## [LISTED RECORDS]
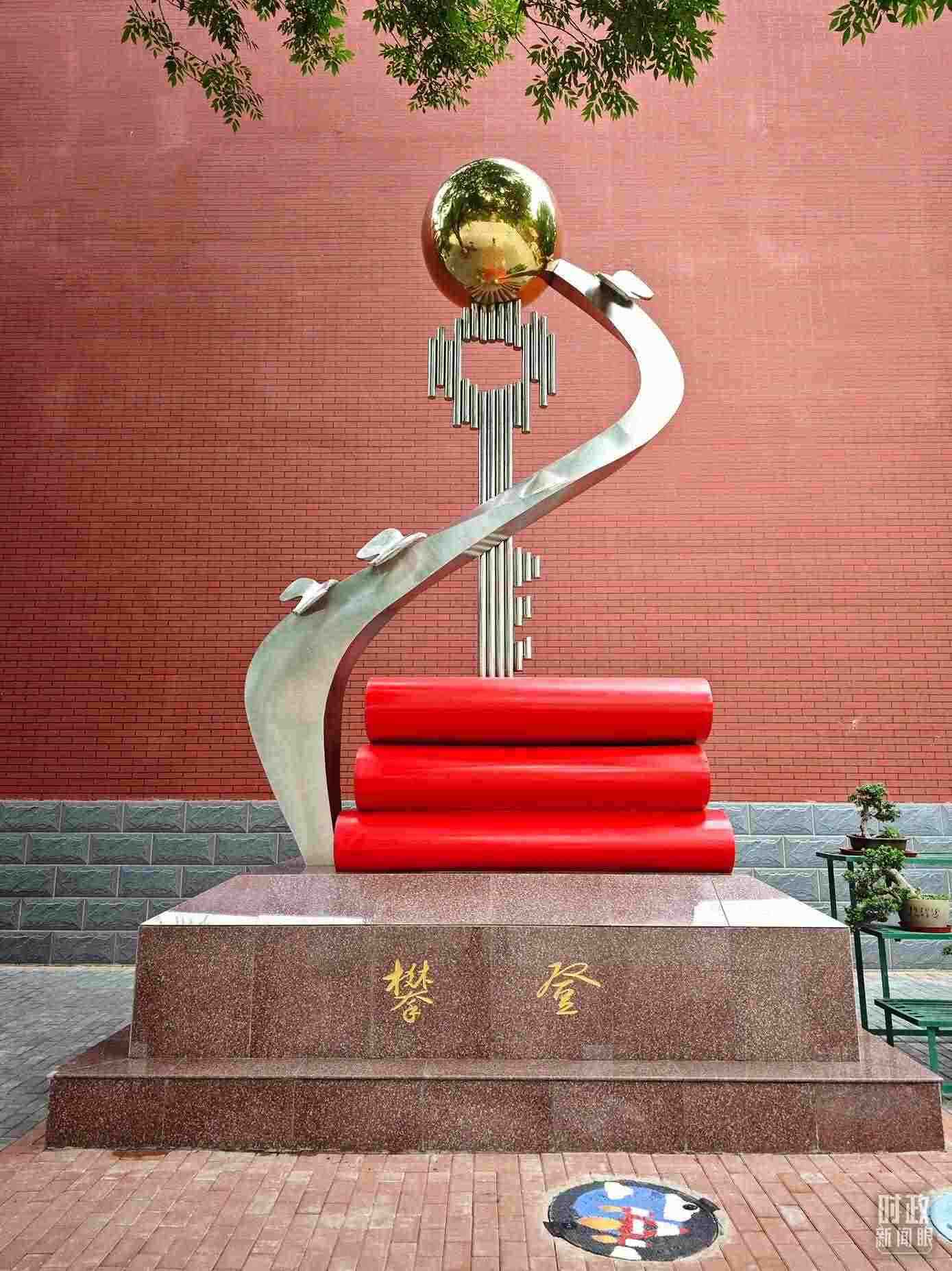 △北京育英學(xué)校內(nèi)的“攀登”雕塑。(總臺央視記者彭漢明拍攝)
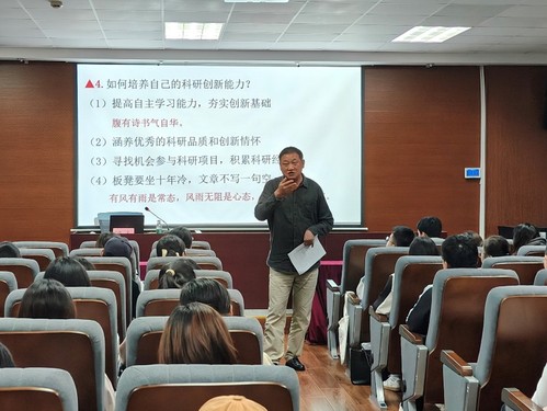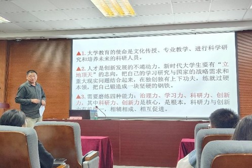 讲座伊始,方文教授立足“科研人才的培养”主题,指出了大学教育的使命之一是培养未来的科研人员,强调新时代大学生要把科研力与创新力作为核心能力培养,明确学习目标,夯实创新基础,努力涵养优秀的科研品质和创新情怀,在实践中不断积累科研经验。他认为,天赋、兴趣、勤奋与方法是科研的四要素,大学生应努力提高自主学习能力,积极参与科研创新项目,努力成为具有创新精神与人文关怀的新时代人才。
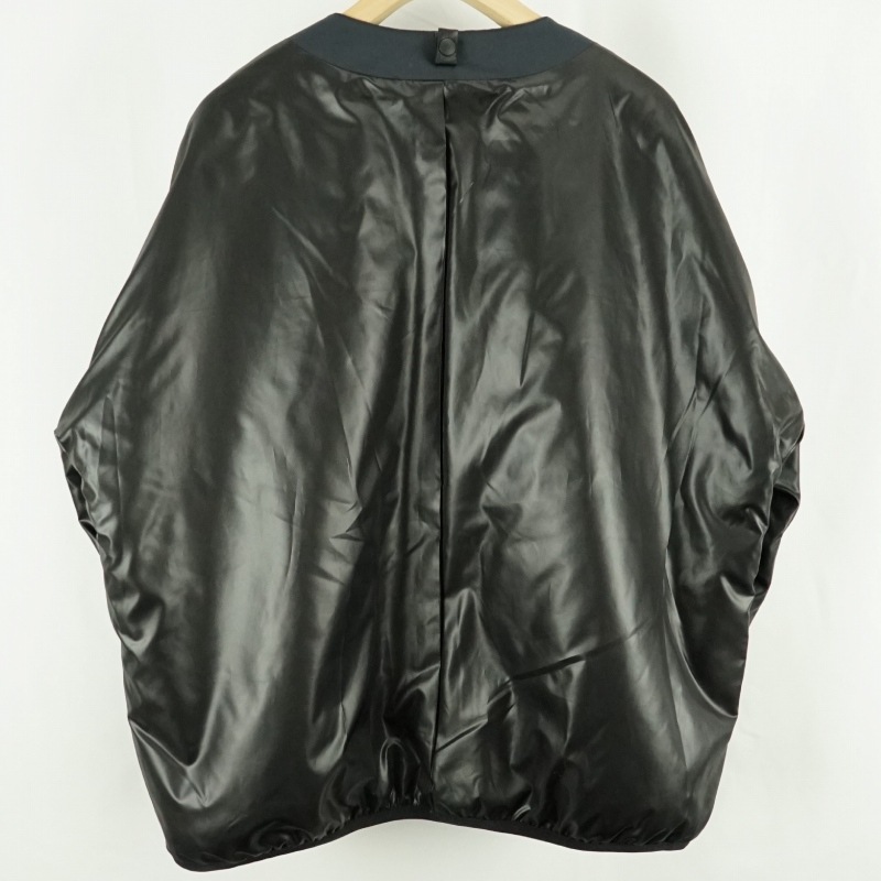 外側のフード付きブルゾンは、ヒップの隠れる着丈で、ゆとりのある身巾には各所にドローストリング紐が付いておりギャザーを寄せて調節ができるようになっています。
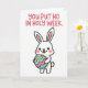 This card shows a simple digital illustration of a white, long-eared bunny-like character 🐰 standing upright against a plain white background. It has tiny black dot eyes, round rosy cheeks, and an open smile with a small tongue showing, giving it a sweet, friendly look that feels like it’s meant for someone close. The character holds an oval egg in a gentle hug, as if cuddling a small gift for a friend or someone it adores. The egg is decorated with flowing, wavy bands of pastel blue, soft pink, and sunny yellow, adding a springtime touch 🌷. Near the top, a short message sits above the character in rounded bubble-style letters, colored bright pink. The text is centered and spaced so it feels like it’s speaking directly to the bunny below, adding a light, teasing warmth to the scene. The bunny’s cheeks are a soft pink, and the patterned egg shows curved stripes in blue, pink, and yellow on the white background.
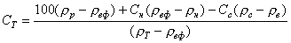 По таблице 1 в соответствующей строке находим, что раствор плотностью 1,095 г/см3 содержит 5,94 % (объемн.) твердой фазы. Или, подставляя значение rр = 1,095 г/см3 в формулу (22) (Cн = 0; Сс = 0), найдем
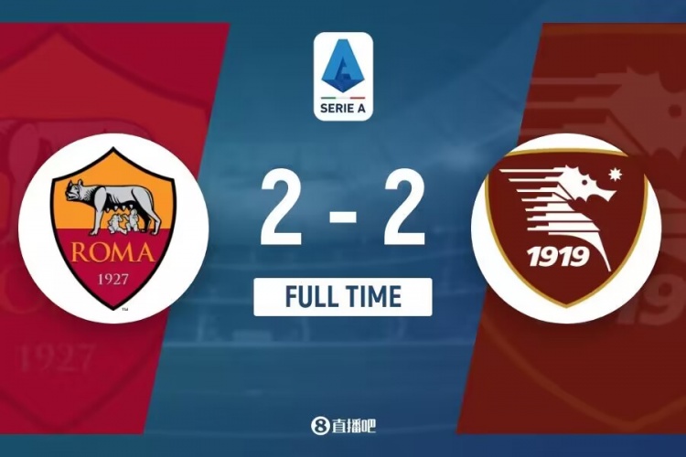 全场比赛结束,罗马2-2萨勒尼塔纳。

## [TASK]
Could you repeat exactly the lines from the first one of the records above through the line containing "外側のフード付きブルゾンは、", leaving out any pictures?

## [ANSWER TO THIS TASK]
 △北京育英學(xué)校內(nèi)的“攀登”雕塑。(總臺央視記者彭漢明拍攝)
 讲座伊始,方文教授立足“科研人才的培养”主题,指出了大学教育的使命之一是培养未来的科研人员,强调新时代大学生要把科研力与创新力作为核心能力培养,明确学习目标,夯实创新基础,努力涵养优秀的科研品质和创新情怀,在实践中不断积累科研经验。他认为,天赋、兴趣、勤奋与方法是科研的四要素,大学生应努力提高自主学习能力,积极参与科研创新项目,努力成为具有创新精神与人文关怀的新时代人才。
 外側のフード付きブルゾンは、ヒップの隠れる着丈で、ゆとりのある身巾には各所にドローストリング紐が付いておりギャザーを寄せて調節ができるようになっています。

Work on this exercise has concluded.